Surgery is usually reserved for patients in good health who elect surgical intervention.[1,2,3] Tumors in these patients should be confined to the prostate gland (stage I and stage II). Prostatectomy can be performed by the perineal or retropubic approach. The perineal approach requires a separate incision for lymph node dissection. Laparoscopic lymphadenectomy is technically possible and accomplished with much less patient morbidity.[4] For small, well-differentiated nodules, the incidence of positive pelvic nodes is less than 20%, and pelvic node dissection may be omitted.[5] With larger, less differentiated tumors, a pelvic lymph node dissection is more important. The value of pelvic node dissection (i.e., open surgical or laparoscopic) is not therapeutic but spares patients with positive nodes the morbidity of prostatectomy. Radical prostatectomy is not usually performed if frozen section evaluation of pelvic nodes reveals metastases; such patients should be considered for entry into existing clinical trials or receive radiation therapy to control local symptoms. The role of preoperative (neoadjuvant) hormonal therapy is not established.[6,7]
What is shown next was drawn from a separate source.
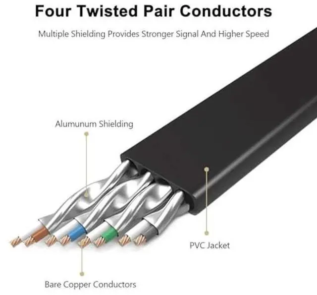 It is perfect for networking switches, routers, ADSL, adapters, modems, PS3/PS4/PS5, Xbox, patch panels, servers, networking printers, NETGEAR, TP-Link, NAS, VoIP phones, laptops, couplers, hubs, keystone jacks, smart TVs, iMacs, and any other devices with RJ45 connectors. ^^ Weatherproof & UV Resistant Jadaol in-wall network cables are made of 4 shielded foiled twisted pairs of copper wires and a UV-resistant PVC jacket, with a 50-micron gold-plated RJ45 connector on each end. This makes it more durable, flexible, waterproof, anti-corrosion, anti-aging, anti-UV, and tough for both outdoor and indoor use.

Following radical prostatectomy, pathological evaluation stratifies tumor extent into organ-confined, specimen-confined, and margin-positive disease. The incidence of disease recurrence increases when the tumor is not specimen-confined (extracapsular) and/or the margins are positive.[8,9,10] Results of the outcome of patients with positive surgical margins have not been reported. Patients with extraprostatic disease are suitable candidates for clinical trials. Trials such as RTOG-9601 included the evaluation of postoperative radiation delivery, cytotoxic agents, and hormonal treatment using luteinizing hormone-releasing hormone (LHRH) agonists and/or antiandrogens.

Cryosurgery is a surgical technique under development that involves destruction of prostate cancer cells by intermittent freezing of the prostate tissue with cryoprobes, followed by thawing.[11][Level of evidence: 3iiiC];[12,13][Level of evidence: 3iiiDiv] Cryosurgery is less well established than standard prostatectomy, and long-term outcomes are not as well established as with prostatectomy or radiation therapy. Serious toxic effects include bladder outlet injury, urinary incontinence, sexual impotence, and rectal injury. Impotence is common. (For more information on impotence, refer to the PDQ summary on Sexuality and Reproductive Issues.) The frequency of other side effects and the probability of cancer control at 5 years' follow-up have varied among reporting centers, and series are small compared with surgery and radiation therapy.[12,13]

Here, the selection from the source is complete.